Researchers from the Centro de Investigaciones Biológicas Margarita Salas (CIB-CSIC), in collaboration with two groups from the Universitat de València-ERI Biotecmed and CIBERERE-ISCIII, reveal the high-resolution structure of Vip3, in the protoxin and toxin configurations, and shed light on the activation mechanism that triggers cell death. The results of this work, led by Dr. Ernesto Arias, have been published in Nature Communications.
Vip3A is an insecticidal protein secreted by the Bacillus thuringiensis bacteria that has a powerful action against a broad spectrum of Lepidoptera. Today it is used both in organic and conventional crops in spray biopesticides (Bt insecticides), and in transgenic crops protected against insect attack (Bt crops). However, the mechanism by which Vip3A induced its insecticidal action was unknown.
These proteins are produced as inactive protoxins that need to be activated by midgut proteases to trigger cell death. However, the understanding of their three-dimensional organization and activation mechanism at the molecular level was very limited. Nuñez-Ramírez et al. have determined the structures of the protoxin and the protease-activated state of Vip3Aa at 2.9 Å using cryo-electron microscopy. The reconstructions show that the protoxin assembles into a pyramid-shaped tetramer with the C-terminal domains exposed to the solvent and the N-terminal region folded into a spring-loaded apex. The C-terminal domain presents a cut site that is recognized by proteases of the digestive system of the insect, whose action will produce a cut that will facilitate the conversion of protoxin to toxin. After protease activation, a dramatic remodeling of the N-terminal region of the protein takes place that results in the formation of a parallel four-helix, needle-like coil. Interestingly, this nearly 160 Å needle is long enough to reach and perforate the membrane of the insect cell and produce its toxic effect.

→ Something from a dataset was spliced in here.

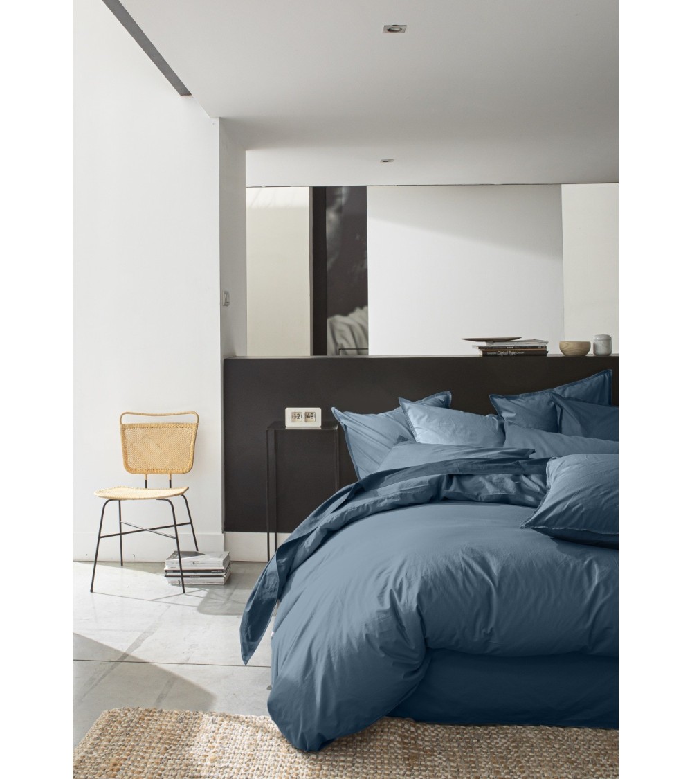 Housse de couette percale de coton bleu 240x260 cm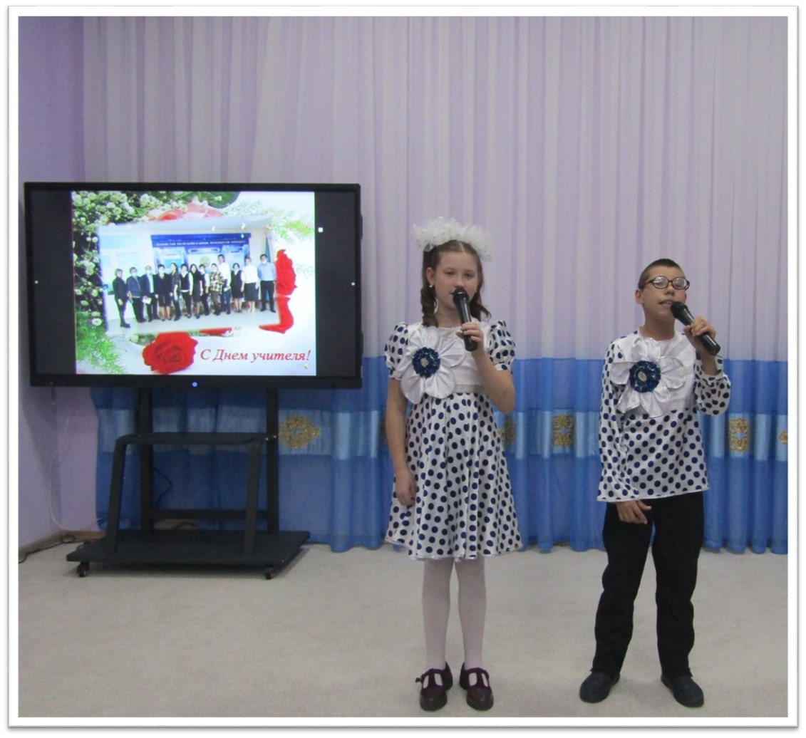 В этот особенный день зал был наполнен теми, кто трудится на благо будущего поколения и сам всегда стремится к новым знаниям. Воспитанники подарили свои самые теплые и яркие номера и поздравили педагогов с наступающим профессиональным праздником. Учащиеся школы подготовили музыкальные номера: трио с песней «Ұстазым», флешмоб, дуэт с песней «Вместе будем на планете», вокальный ансамбль с песней «Мой добрый учитель», домбровое пение. Также ребята школы подготовили стихотворения для своих наставников, учителей и воспитателей школы.

Collectively, this work reveals the structural changes that lead from the conformation of protoxin to the active form of proteins of the Vip3 family, mechanisms unknown until now despite the fact that these proteins have been studied for decades. The studies carried out help to understand how the Vip3 proteins destroy the epithelial cells of the midgut of the insect larvae and ultimately lead to their death.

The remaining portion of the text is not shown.